**Work order:** Without including any picture, transcribe the entries below word for word.

--- Input data ---

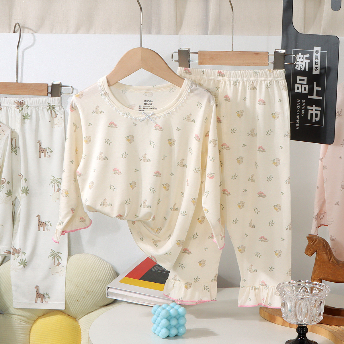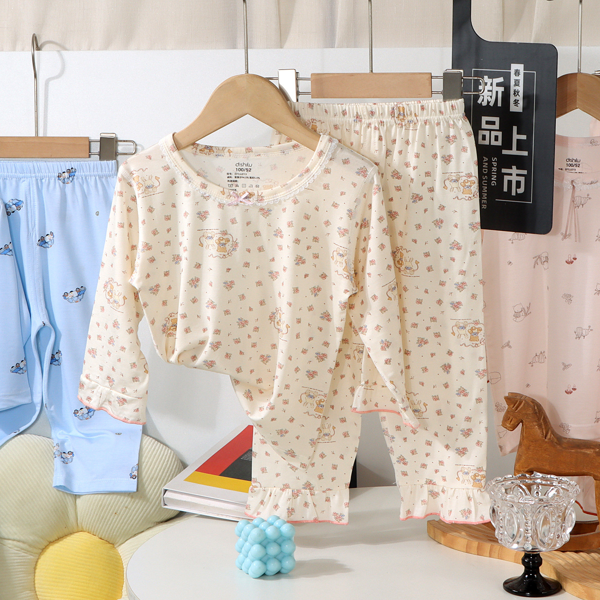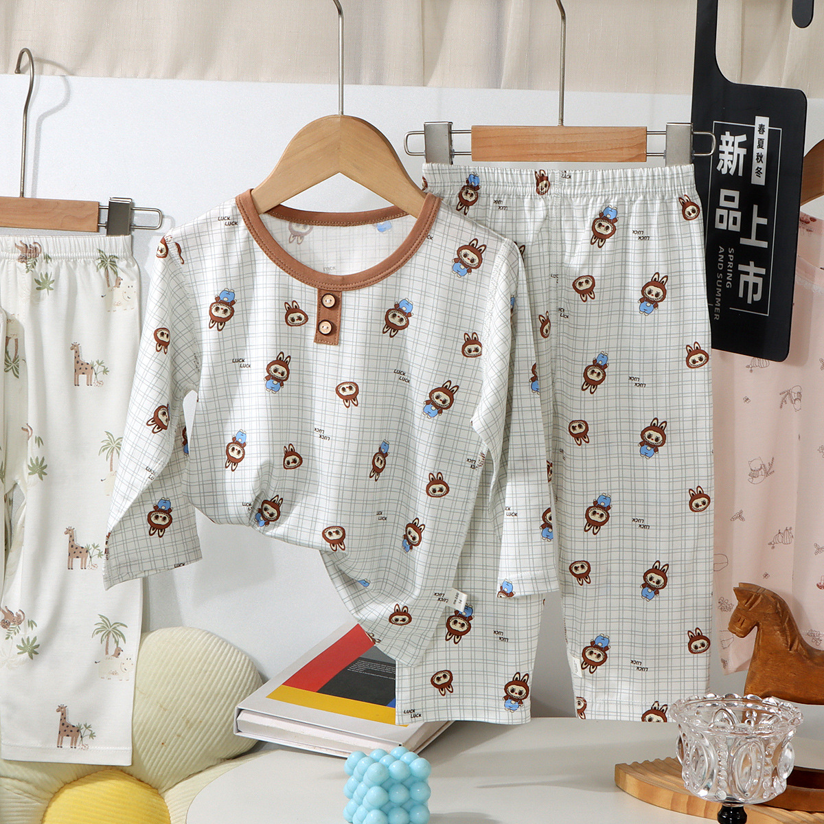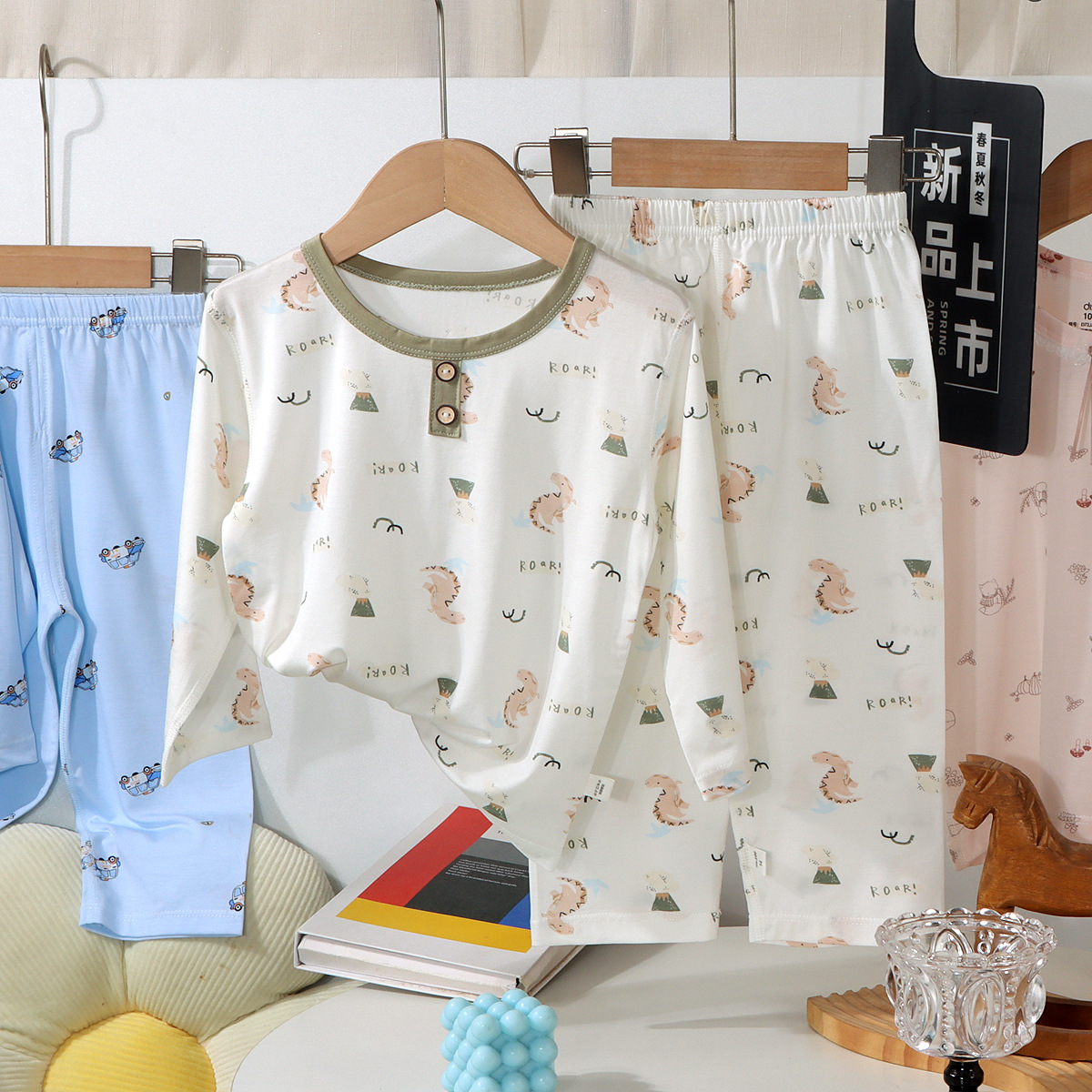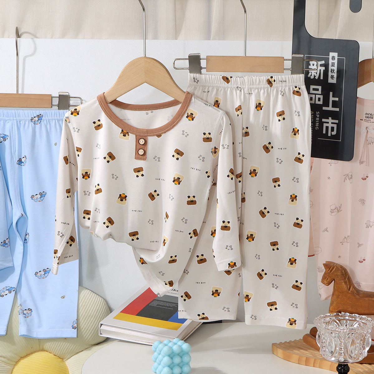 아동 잠옷 여름 얇은 텐셀 모달 리오셀 소년과 소녀 중간 길이 소매 에어컨 의류 가정 의류
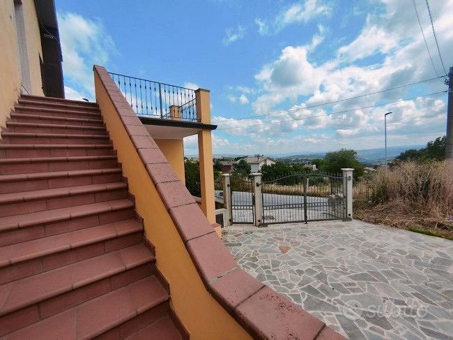 Ref: M130bis. In C.da Colle dell'Orso, we have for sale an apartment on the first floor of a two-level villa. The property includes an entrance, kitchen, two bedrooms, a bathroom, and a hallway, plus a private terrace with panoramic views and a fenced outdoor area.
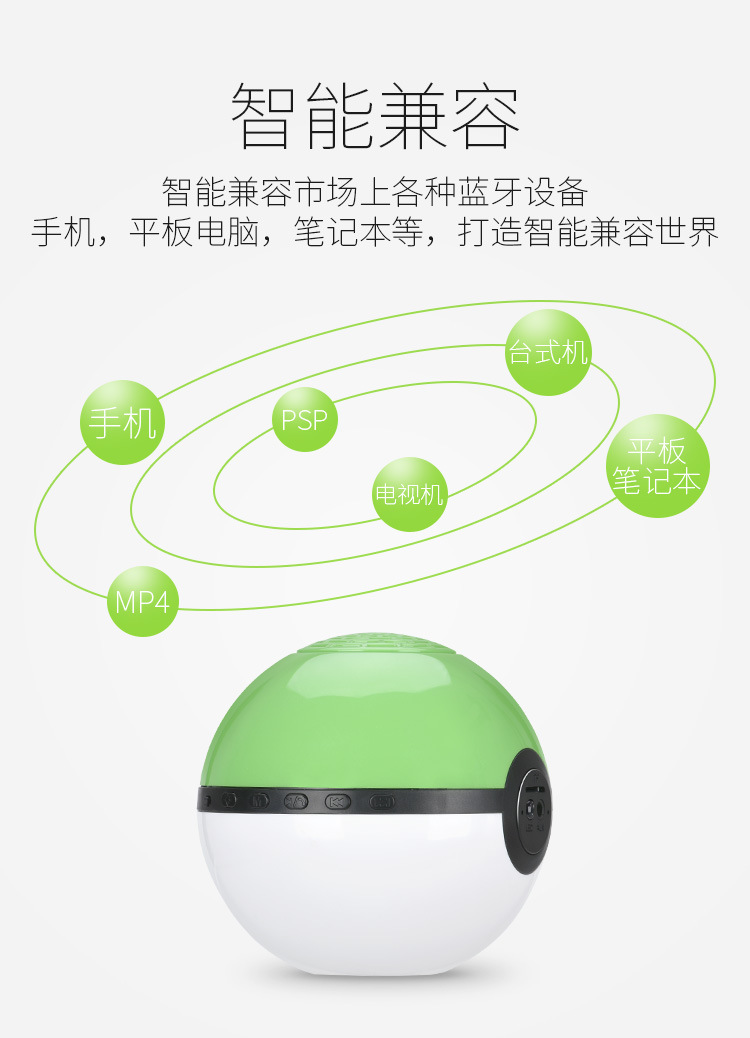 Wireless Bluetooth connection, aux wired connection, TF card play
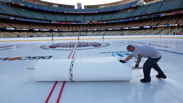 The boards, benches and glass were trucked into Dodger Stadium from the Winter Classic at Ann Arbor’s Michigan Stadium, although they won’t need the heaters. The NHL is also embracing the unusual setting with a variety of amusements in the Dodger Stadium bowl — everything from a beach volleyball court and a pond to two performance stages.
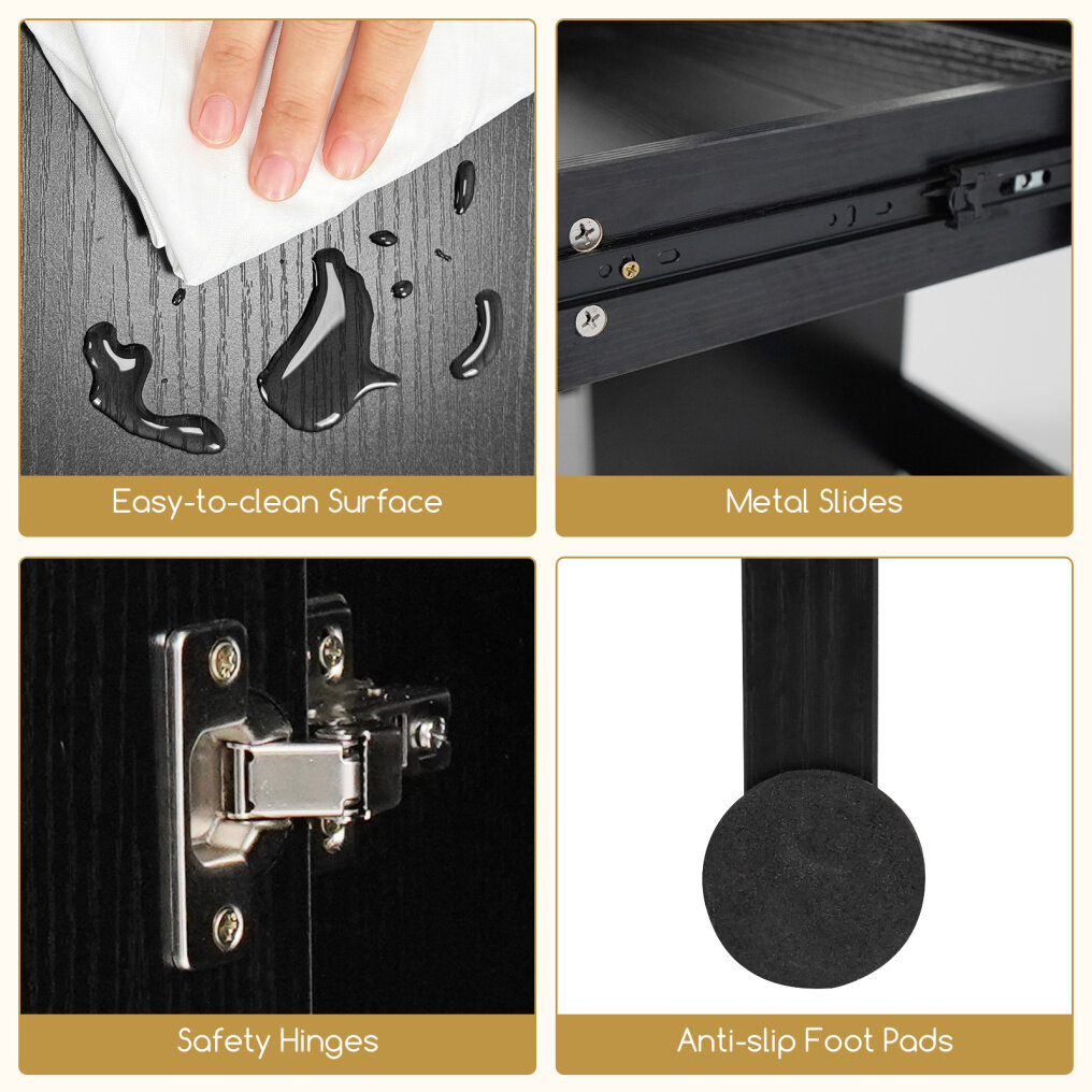 ● Abundant Storage Space: There are 3 open shelves, 3 compartments, 1 small drawer, 1 larger drawer, and 1 single-door cabinet to display or hide your cosmetics, skin care products, and beauty tools. The spacious desktop keeps your daily essentials within reach. Plus, the hair dryer rack will be a nice place to store your hair dryer.
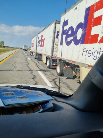Vi bemærkede en Fed-EX, der bestod af tre afdelinger i vogntoget.
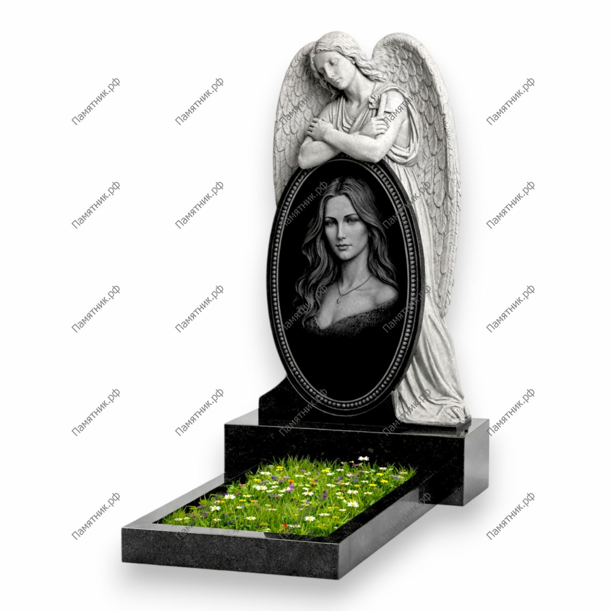 Утонченный памятник, где центральной частью выступает овальная стела-медальон. Позади нее высечен прекрасный ангел со сложенными руками и величественными крыльями, обрамляющими портрет усопшего. Эта композиция создает ощущение надежной защиты и небесного покровительства. Глубокий черный цвет карельского гранита подчеркивает чистоту и фактурность резного ангела.

---

**Your solution:**
 아동 잠옷 여름 얇은 텐셀 모달 리오셀 소년과 소녀 중간 길이 소매 에어컨 의류 가정 의류
 Ref: M130bis. In C.da Colle dell'Orso, we have for sale an apartment on the first floor of a two-level villa. The property includes an entrance, kitchen, two bedrooms, a bathroom, and a hallway, plus a private terrace with panoramic views and a fenced outdoor area.
 Wireless Bluetooth connection, aux wired connection, TF card play
 The boards, benches and glass were trucked into Dodger Stadium from the Winter Classic at Ann Arbor’s Michigan Stadium, although they won’t need the heaters. The NHL is also embracing the unusual setting with a variety of amusements in the Dodger Stadium bowl — everything from a beach volleyball court and a pond to two performance stages.
 ● Abundant Storage Space: There are 3 open shelves, 3 compartments, 1 small drawer, 1 larger drawer, and 1 single-door cabinet to display or hide your cosmetics, skin care products, and beauty tools. The spacious desktop keeps your daily essentials within reach. Plus, the hair dryer rack will be a nice place to store your hair dryer.
Vi bemærkede en Fed-EX, der bestod af tre afdelinger i vogntoget.
 Утонченный памятник, где центральной частью выступает овальная стела-медальон. Позади нее высечен прекрасный ангел со сложенными руками и величественными крыльями, обрамляющими портрет усопшего. Эта композиция создает ощущение надежной защиты и небесного покровительства. Глубокий черный цвет карельского гранита подчеркивает чистоту и фактурность резного ангела.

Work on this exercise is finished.